Each line from the one that holds "Shri. Sadashivrao Patil" to the end of the entries is to be given again exactly. Do not include pictures.

Data supplied >>
▼
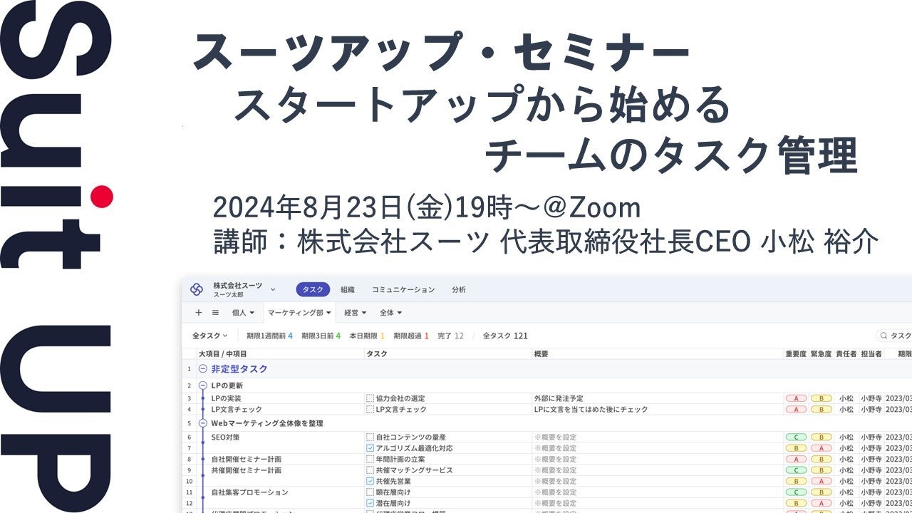 株式会社スーツ(所在地:東京都千代田区、代表取締役社長CEO:小松 裕介)は、2024年8月23日(金)19時から、当社代表の小松が講師を務めるスーツアップ・セミナー「スタートアップから始めるチームのタスク管理」を無料開催します。
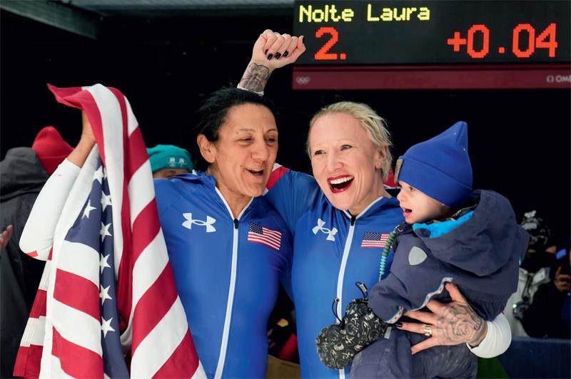 泰勒(左)与汉弗莱斯(中)获得米兰冬奥会女子雪车比赛冠军和季军。
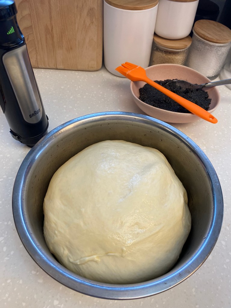 把麵團用中速打10分鐘左右後取出 (不要連續超過一分鐘哦,打一打就要休息一下~) ,用手揉成一個光滑的麵糰,收口朝下,用保鮮膜封住,室溫發酵至2倍大。
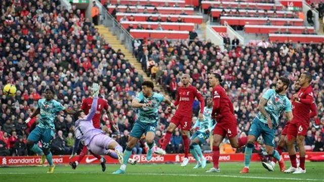 ليفربول سجل الهدف الأول عن طريق النجم البرازيلي بعد عرضية رائعة من روبرتسون من مخالفة بعيدة عن المرمى، حوّلها بوبي بمؤخرة رأسه إلى مرمى الضيوف، في الزاوية الصعبة.
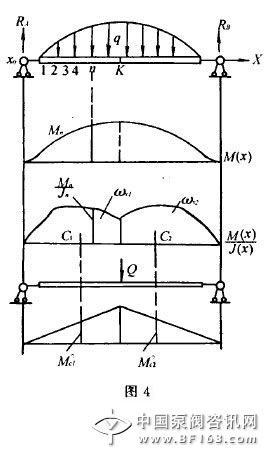 假如請求梁上某一點的撓度YK,則在K點上虛加單位力Q,并作出該單位力的M 0(x)。這樣就可以利用維力沙金的圖乘法求值了。這時,式(4)具有如下情勢:
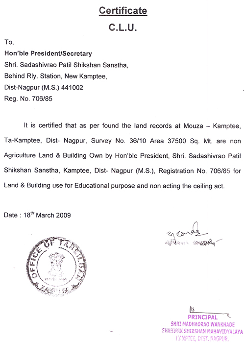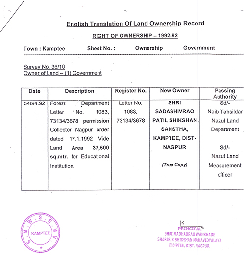 Shri. Sadashivrao Patil Shikshan Sanstha Kamptee, Dist-Nagpur
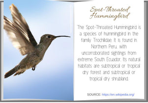 The Spot-Throated Hummingbird is a large, drab hummingbird. It has dull green upperparts, light gray underparts, green flecks on the throat, and a white spot behind the eye. It is found in northern Peru, with uncorroborated sightings from extreme south Ecuador.
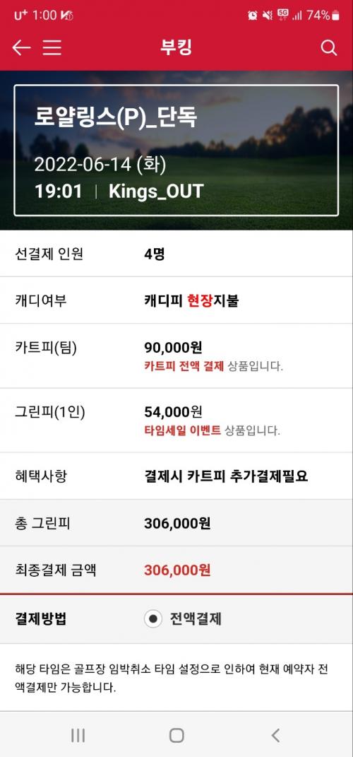 로얄링스 6/14 19:01 티스캐너 초특가 풀양도 합니다
▲
Solution to this problem >>
 Shri. Sadashivrao Patil Shikshan Sanstha Kamptee, Dist-Nagpur
 The Spot-Throated Hummingbird is a large, drab hummingbird. It has dull green upperparts, light gray underparts, green flecks on the throat, and a white spot behind the eye. It is found in northern Peru, with uncorroborated sightings from extreme south Ecuador.
 로얄링스 6/14 19:01 티스캐너 초특가 풀양도 합니다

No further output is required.